Noi insegnanti discutiamo spesso sul processo di accelerazione che caratterizza i comportamenti dei bambini che abbiamo a scuola oggi, rispetto a quelli dei cicli precedenti. Il bisogno che manifestano è quello di fare continuamente lavori differenti e brevi, insieme all’incapacità (al disagio) di stare molto tempo su uno stesso argomento per discuterlo ed analizzarlo, ascoltandosi reciprocamente.

E’ come se vivessero in un territorio sempre più ampio nell’estensione e sempre più sottile nella profondità.

La quantità delle informazioni che indubbiamente possiedono non si accompagna alla riflessione dell’approfondimento. Il ‘pieno’ e l’assenza di pause è ciò che li caratterizza.

Eppure sono proprio le pause che danno una scansione alla giornata; che permettono al pensiero di muoversi fra le cose che facciamo.

La scuola dovrebbe essere il luogo istituzionale in cui la lentezza e la profondità della riflessione si mettono accanto alla velocità e all’estensione del mondo in cui i bambini vivono, affinché sia reso intelligibile.

Oggi noi diciamo un po’ tutti che il tempo ha un’altra velocità, nelle trasformazioni che caratterizzano la nostra storia recente, rispetto alla generazione precedente la nostra (la generazione, per essere più precisi, dei nonni dei nostri allievi). Ciò vuole probabilmente dire che i modi di vivere consolidati, quelli che definiscono una struttura socioeconomica, hanno durate più brevi rispetto al passato.

Tutte queste brevi durate accostano, nelle città che viviamo, nelle nostre aree urbane e periferiche, innumerevoli segni ed innumerevoli possibilità di lettura dei cambiamenti: i segni del tempo. Il tempo di cui si dovrebbe acquisire il senso nella scuola elementare; i segni che si trovano nelle cose che ci circondano e che dovrebbero essere letti secondo determinate categorie.

I nostri semicentri e le nostre periferie sembrano sempre più somiglianti fra loro, anche se situati in luoghi molto distanti. Ce ne rendiamo conto quando ci spostiamo da una città all’altra, e guardiamo le cose alla velocità dell’automobile o del treno; tanto più somiglianti ci sembrano quanto più velocemente le percepiamo.

Occorre lentezza per riconoscere i dettagli, occorre fermarsi per osservare ciò che si è percepito; ma l’osservazione è il punto di partenza necessario alla riflessione.

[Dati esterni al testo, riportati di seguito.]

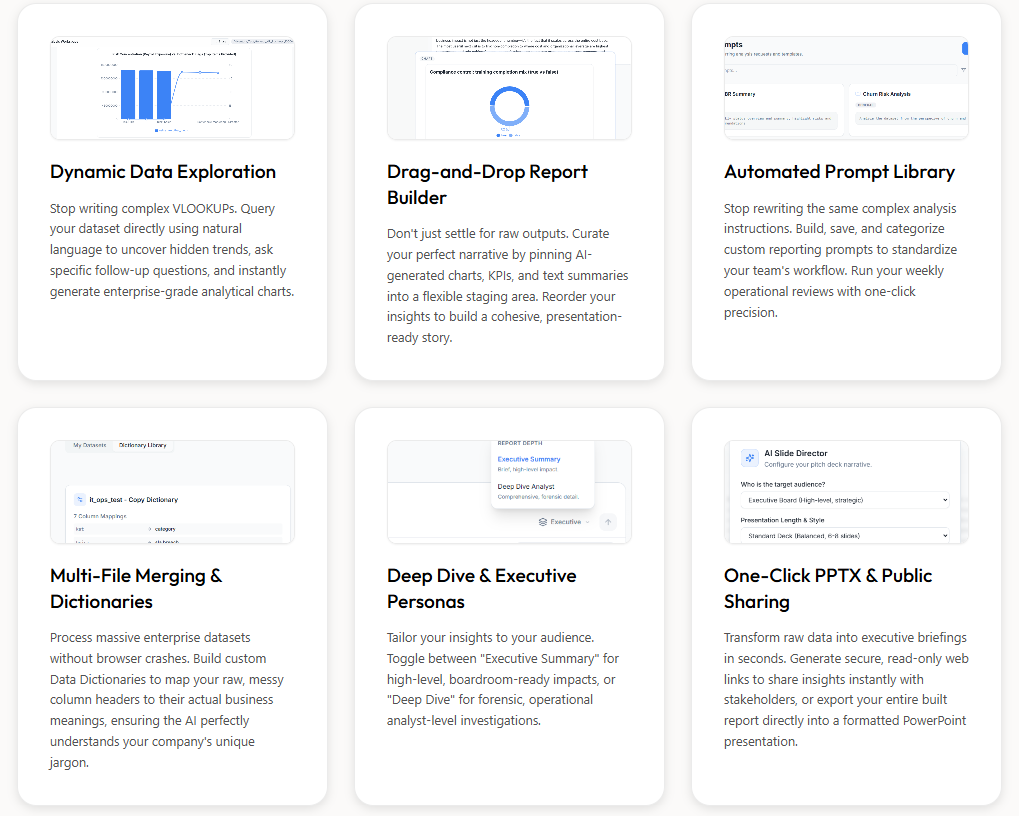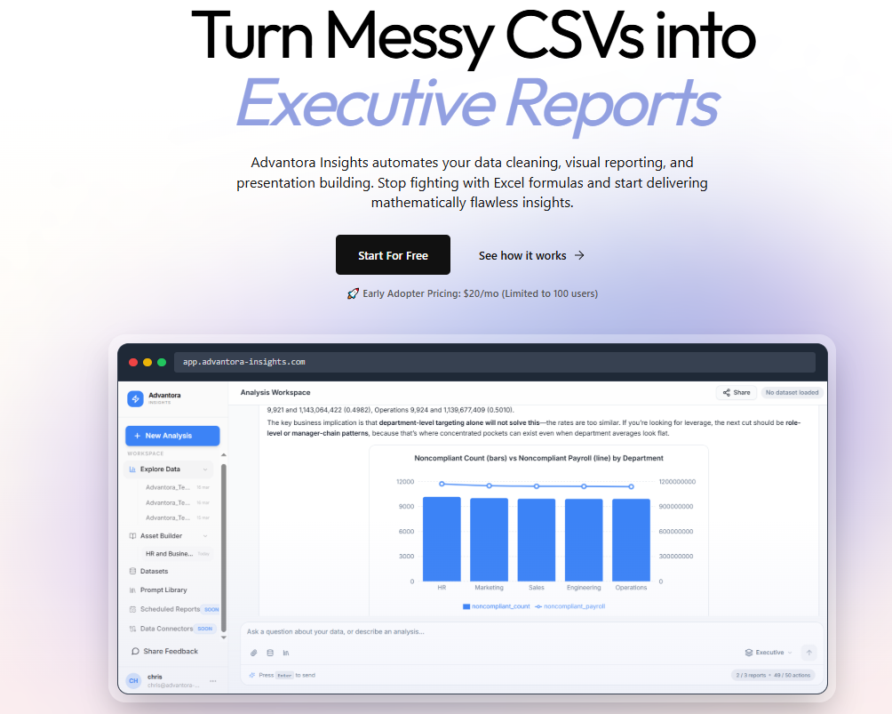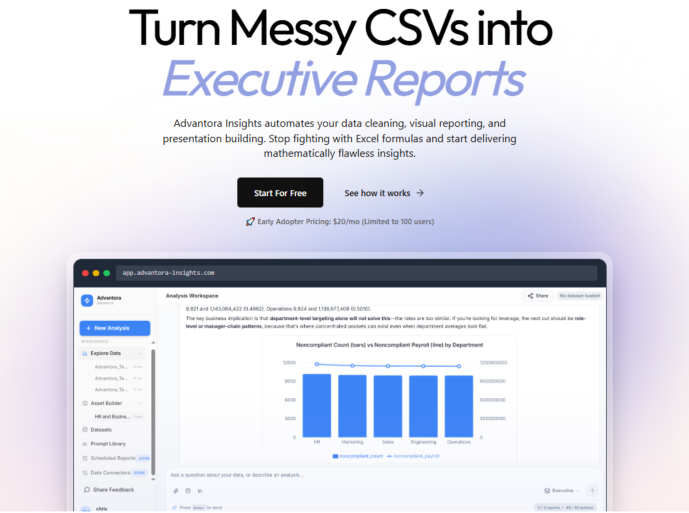 Advantora Insights provides a powerful solution for professionals who need to transform raw data into polished presentations. You can easily turn messy CSV files into professional, branded executive reports in just seconds. The platform leverages artificial intelligence to automate the most time-consuming parts of the data process, including data cleaning, merging multiple files, and professional PDF generation. This tool helps you save hours of manual work by handling the formatting and organization for you, allowing you to focus on the insights rather than the spreadsheet management.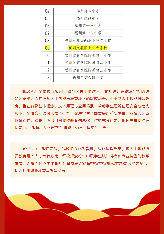 喜报 | 福州文教职业中专学校入选福州市首批“人工智能通识课试点学校”

Tuttavia la velocità non è solo quella, concreta, dei nostri spostamenti quotidiani o dei nostri impegni: diventa anche un modo di guardare alle cose. La sempre crescente difficoltà dei bambini a concentrarsi, a fermare l’attenzione su uno stesso contenuto per un tempo lungo, corre il rischio di divenire superficialità del pensiero, disabitudine alla fatica dell’approfondimento.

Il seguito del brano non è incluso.